● Your instructions:
Output each entry below as it stands, leaving out every picture.

[Records to process Boundary: Start]

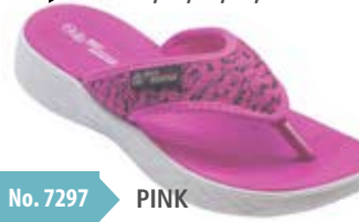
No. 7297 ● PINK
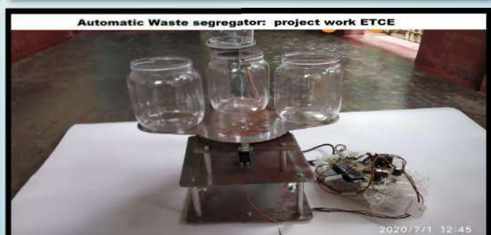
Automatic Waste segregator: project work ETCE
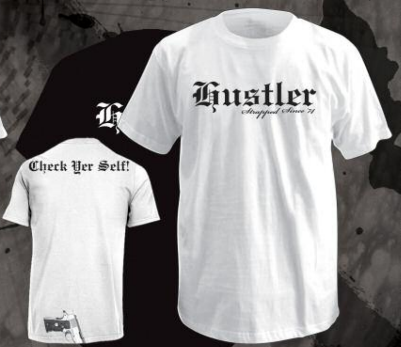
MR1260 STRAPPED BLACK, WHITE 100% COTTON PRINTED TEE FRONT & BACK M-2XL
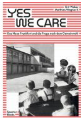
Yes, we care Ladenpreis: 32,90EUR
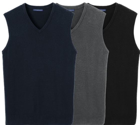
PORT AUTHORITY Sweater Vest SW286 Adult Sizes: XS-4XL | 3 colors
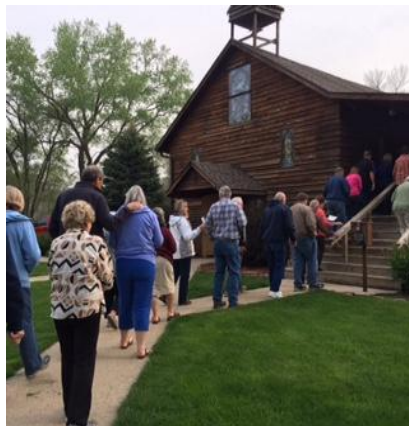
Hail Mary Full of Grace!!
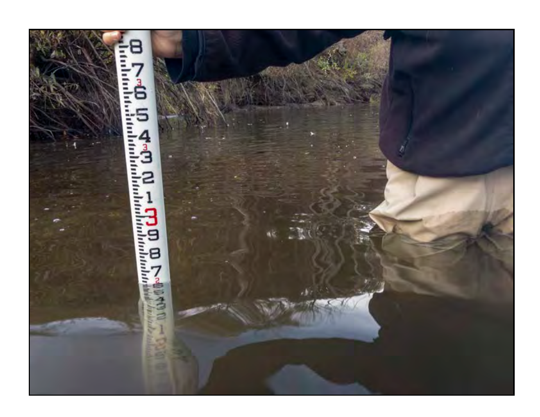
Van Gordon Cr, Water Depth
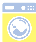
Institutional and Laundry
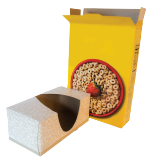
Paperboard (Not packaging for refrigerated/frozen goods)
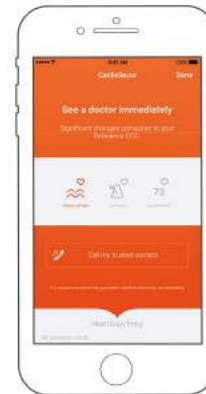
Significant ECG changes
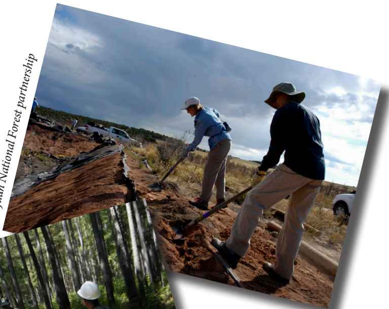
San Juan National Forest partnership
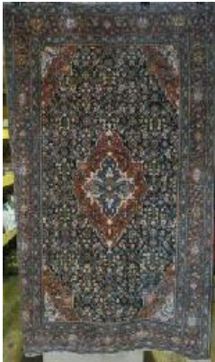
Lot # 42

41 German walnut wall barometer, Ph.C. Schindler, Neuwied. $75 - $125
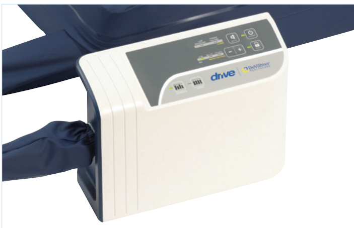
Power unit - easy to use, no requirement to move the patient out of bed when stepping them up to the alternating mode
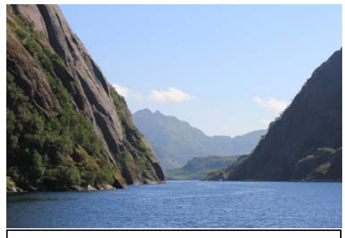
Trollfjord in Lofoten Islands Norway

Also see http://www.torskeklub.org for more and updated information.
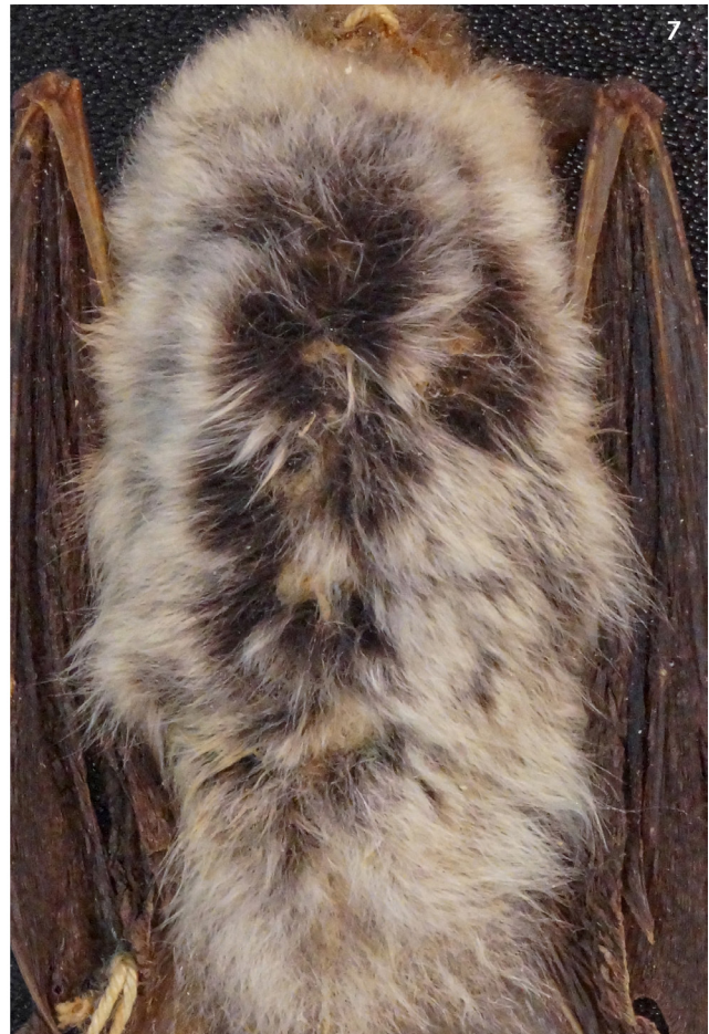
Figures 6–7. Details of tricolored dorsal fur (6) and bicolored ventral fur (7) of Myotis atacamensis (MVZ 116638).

[Records to process Boundary: End]

● Answer below:
No. 7297 ● PINK
Automatic Waste segregator: project work ETCE
MR1260 STRAPPED BLACK, WHITE 100% COTTON PRINTED TEE FRONT & BACK M-2XL
Yes, we care Ladenpreis: 32,90EUR
PORT AUTHORITY Sweater Vest SW286 Adult Sizes: XS-4XL | 3 colors
Hail Mary Full of Grace!!
Van Gordon Cr, Water Depth
Institutional and Laundry
Paperboard (Not packaging for refrigerated/frozen goods)
Significant ECG changes
San Juan National Forest partnership
Lot # 42

41 German walnut wall barometer, Ph.C. Schindler, Neuwied. $75 - $125
Power unit - easy to use, no requirement to move the patient out of bed when stepping them up to the alternating mode
Trollfjord in Lofoten Islands Norway

Also see http://www.torskeklub.org for more and updated information.
Figures 6–7. Details of tricolored dorsal fur (6) and bicolored ventral fur (7) of Myotis atacamensis (MVZ 116638).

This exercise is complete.